There are some limitations in this study. The time interval in test-retest differed significantly between the patients, ranging from 36 to 367 days. Perhaps this is too long to ensure symptom stability. The optimal interval time for a test-retest has been a matter of some debate [
22]. In previous studies, the time interval was often chosen with no clear reason given for the choice made [
23]. However, the result of the test-retest analysis shows excellent reliability, indicating that the patient symptoms were actually in a stable phase at a minimum of one year from surgery.
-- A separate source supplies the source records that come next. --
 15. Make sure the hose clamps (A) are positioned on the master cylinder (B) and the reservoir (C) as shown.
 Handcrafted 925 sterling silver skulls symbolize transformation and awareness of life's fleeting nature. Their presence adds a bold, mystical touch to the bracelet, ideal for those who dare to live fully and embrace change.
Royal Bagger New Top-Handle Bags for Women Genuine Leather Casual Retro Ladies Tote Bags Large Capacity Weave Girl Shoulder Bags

This study has shown that the WORC is valid, reliable, and responsive. It also shows that it is possible to apply the WORC as a health measurement instrument for clinical use among patients with subacromial pain treated by surgery. However, any institution considering introducing the WORC as a health measurement instrument will have to consider how similar the WORC is to the WOOS. The suggestion from this study would be to choose either the WORC or WOOS since both are validated for use on patients with subacromial pain.
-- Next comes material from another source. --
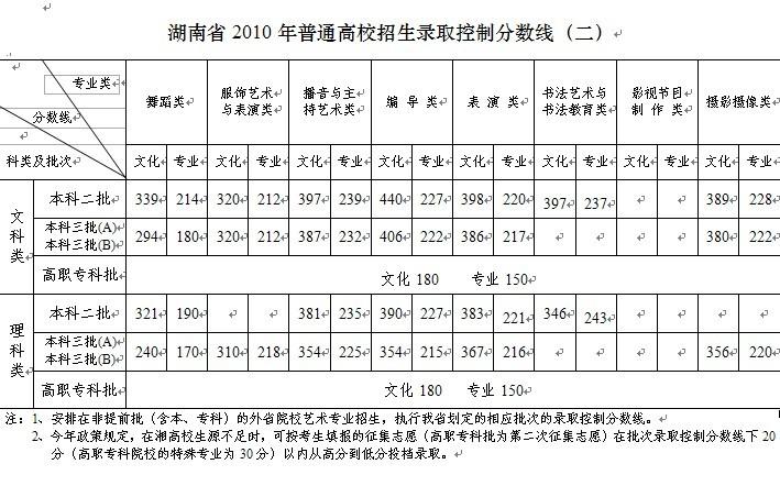 注:1、在本科提前批中,军事院校(含国防生)中的一类院校执行本科一批录取控制分数线,二类院校执行本科二批录取控制分数线;外省院校艺术专业的专业录取控制分数线由招生学校依据有关规定确定,其文化录取控制分数线为:按独立设置本科艺术院校招生政策招生院校(专业)的文化录取控制分数线由学校自主划定,其他外省院校艺术专业的文化录取控制分数线为:文科类339分、理科类321分;在湘院校音乐类和美术类专业、湖南师范大学分专业划线的艺术专业、南华大学和湘南学院农村订单定向医学生免费培养项目单独招生的录取控制分数线将于7月5日向社会公布。

Further investigation of the usefulness of WORC and WOOS is certainly justified. The WORC might possibly have a higher validity or responsiveness among a working population than the WOOS since that domain is slightly more extensive in WORC. It may also be more likely the case that patients with subacromial and rotator cuff disease are to be found among working age patients than patients who suffer from arthritis.
Competing interests
The authors declare that they have no competing interests.
Author’s contributions
SZ designed the study, recruited the patients, analyzed the data, and was the main author of the manuscript. ML analyzed the data and assisted in the preparation of the manuscript. SA designed the data collection, recruited patients. AS assisted with the study design, evaluated and revised the manuscript. BS designed the study, recruited patients, contributed to critical evaluation of the data analysis, revised the manuscript and served as senior supervisor. All authors read and approved the final manuscript.